The compiler is smarter than you think!
Change the last line of code to this:
Console.WriteLine(
object.ReferenceEquals("x" + "y" + "z", s));
Run the program. It works exactly as if you were using the literal “xyz”! Is + not an operator? Isn't this a method that runs on the CLR at runtime? If so, then there should be code that prevents the internization of the literal “xyz”.
In fact, this will happen if you replace "x" + "y" + "z" with String.Format ("{0} {1} {2}", 'x', 'y', 'z') . Both lines of code return "xyz". Why, then, with the + operator to concatenate, do we get the behavior as if you were using the literal “xyz”, although at the same time as String.Format () is executed at run time?
The easiest way to answer this question is to see what we actually get when compiling the code “x” + “y” + “z” .
Program.cs:
using System;
class Program
{
public static void Main()
{
Console.WriteLine("x" + "y" + "z");
}
}
The next step is to find out that the compiler has compiled an executable type application. For this, we will use ILDasm.exe, the MSIL disassembler. This tool is installed with every version of Visual Studio (including Express editions). And even if you don’t know how to read IL, you can understand what is happening.
Run Ildasm.exe. If you are using a 64-bit version of Windows, run the following command: "% ProgramFiles (x86)% \ Microsoft SDKs \ Windows \ v7.0A \ Bin \ Ildasm.exe" (including quotation marks), either from the Start >> Run window , or from the command line. If you are using a 32-bit version of Windows, you should run the following command: "% ProgramFiles% \ Microsoft SDKs \ Windows \ v7.0A \ Bin \ ildasm.exe" .
If you have the .NET Framework 3.5 or earlier
If you have the .NET Framework 3.5 or earlier, you may need to look for ildasm.exe in neighboring folders. Launch the Explorer window and go to the Program Files folder. As a rule, the desired program is located in the "Microsoft SDKs \ Windows \ vX.X \ bin" folder. In addition, you can run the command line from the "Visual Studio Command Prompt" which is located in the Start menu, and then type "ILDASM" to launch it.
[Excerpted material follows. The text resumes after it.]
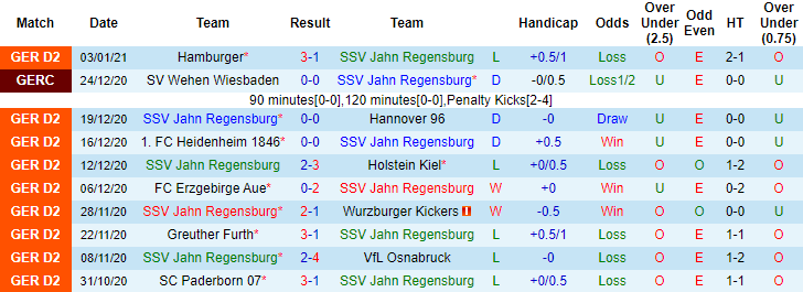 + Thống kê 10 trận gần nhất của Jahn Regensburg

This is what ILDasm looks like on first run:
Then compile your code into an executable file. Click on the project in Solution Explorer - in the Properties window , the Project Folder field should be located . Double click on it and copy. Going to the ILDasm window, select File >> Open in the menu, and paste the path to the folder. Then go to the bin folder. Your executable file must either be in the bin \ Debug or bin \ Release folder . Open the executable file. ILDasm should show you the contents of the assembly.
(If you need to brush up on how assemblies are created, see this post for an understanding of C # and .NET assemblies and namespaces ).
Expand the Program class and double-click the Main () method . After these steps, the disassembled code of the method should appear:
You do not need to know IL to see the presence of the literal “xyz” in the code. If you close ILDasm and then change the code to use "xyz" instead of "x" + "y" + "z", the IL code is parsed looks exactly the same! This is because the compiler is smart enough to replace “x” + “y” + “z” with “xyz” at compile time, so you don’t have to spend extra operations on method calls that “xyz” will always return. And when the literal is compiled in the program, the CLR adds it to the internment pool when the program starts.
The material in this article should give you a good idea about string interning in C # and .NET. In principle, this is even more than necessary for understanding the operation of string interning. If you are interested in learning more, the Performance Considerations section of MSDN's String.Intern pages is a good base .
PS: Thanks to the team for the hard proofreading and objective criticism of the translation.